When San Francisco removed the Embarcadero and Central freeways, it helped launch a property boom that made the city’s real estate some of the most valuable in the country. Across the Bay, Oakland is seeing a similar renaissance with the removal of Lake Merritt’s 12th Street Viaduct and the Cypress freeway relocation. Oakland (yes Oakland) has now passed San Jose to become the nation’s 4th hottest rental market. There is now talk in Oakland of removing I980 as well.
Inner-city highway removal has been so successful, you have to wonder why many cities cling to their outdated design. A really awful example of this backwards thinking can be found in Sacramento with the Capital City freeway:
It’s the Sacramento region’s worst freeway bottleneck, by far. Every day, traffic comes to a standstill on the Capital City Freeway near the American River. The snarls are even worse some Saturdays.
Now, after years of debating what to do, state and local leaders say they’ve reached a resolution: It’s time to drop the small-town mindset and go for a big fix.
Caltrans has begun laying the groundwork for a $700 million freeway widening from midtown to the junction with Interstate 80. That includes widening the American River bridge to add a new multi-use lane in each direction, as well as building wider shoulders for stalled cars to pull over, a separate lane on the bridge for cyclists and pedestrians, and other improvements. The proposed project area is 8 miles long.
The questions: Where will the money come from, and how long will it take to get done?
Caltrans officials say the project is so big and the funding sources so uncertain that it may not happen for a decade. That timeline is typical for major transportation projects in California.

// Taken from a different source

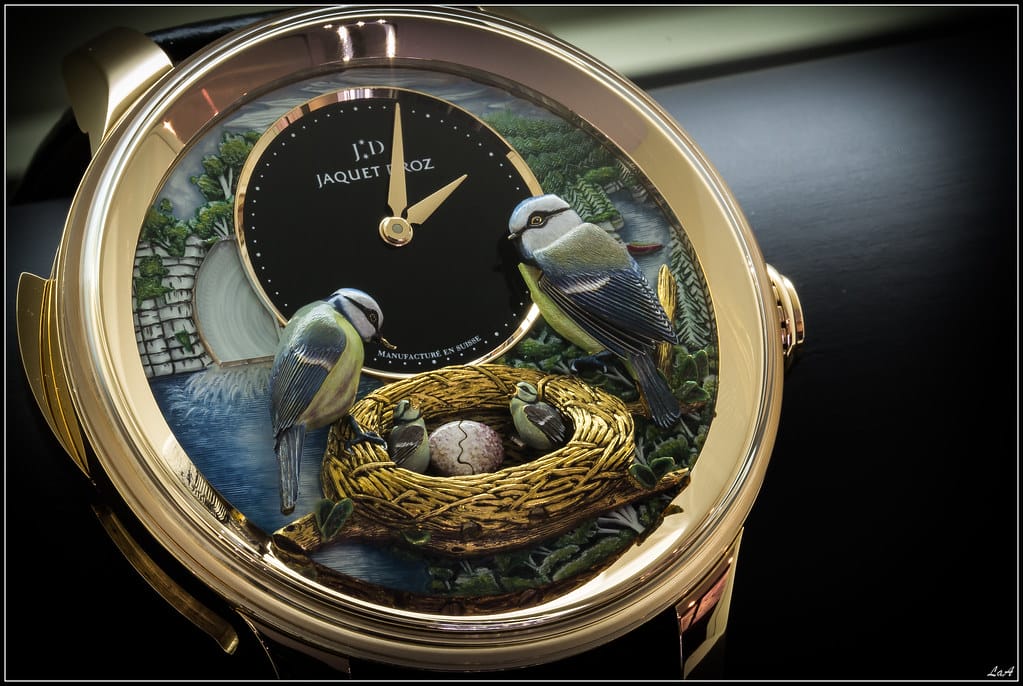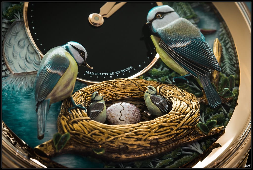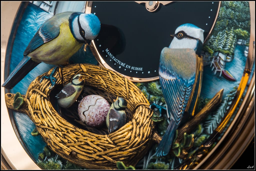 Vient alors le désir irrépressible d’actionner la gâchette présente sur le flanc gauche. Et l’émerveillement survient, tout comme les bouches bées et le silence de l’audience, qui contraste avec le tintement cristallin du timbre cathédral de la Répétition Minutes. Mais cet émerveillement est également dû au ballet minutieusement orchestré de ces mésanges, l’une se penchant au-dessus du nid pour donner la becquée, tandis que l’autre dévoile une partie de son aile aux multiples reflets, tout en inclinant la tête. Les oisillons ne sont pas inactifs pour autant, s’agitant dans le nid tandis que l’œuf se brise pour dévoiler le dernier rejeton. Le spectacle est de toute beauté, invitant le contemplateur à actionner une nouvelle fois la gâchette pour assister de nouveau à la représentation. Et là, surprise, l’animation n’est pas identique, et l’on nous apprendra qu’il existe en tout huit cadencements différents, ce qui achève de nous convaincre, s’il en était nécessaire, que le travail réalisé sur cette merveille est époustouflant.

But the region’s population is expected to grow in that time, including new housing adjacent to the Capital City Freeway at McKinley Village, putting more pressure on an already failing freeway. That section of the Capital City Freeway accounts for one-third of the Sacramento Valley’s freeway delays, which state highway data pegs at 3 million wasted hours.
Some history: The Capital City freeway formed the original I80 alignment through Sacramento. It is one of those notorious 1960’s projects, which blasted highways through the middle of cities. Because it did not meet modern interstate standards, it was replaced by a new I80 beltway that went through north Sacramento. At that point, the Capital City freeway had largely outlived its original purpose — and yet the ugly elevated structure has remained.
Underneath the elevated structure, the old street grid remains. The neighborhood retains some of the classic craftsman houses. There is now light rail and a respectable amount of pedestrian activity from the nearby government office buildings.
Replacing the freeway with an at-grade boulevard would transform the neighborhood. And it would move the car traffic more efficiently. That is a much better outcome than spending $700 million and 10 years, just to make traffic worse.
Caltrans headquarters on the left, Capital City freeway on the right. Streetcar tracks running under and across the highway.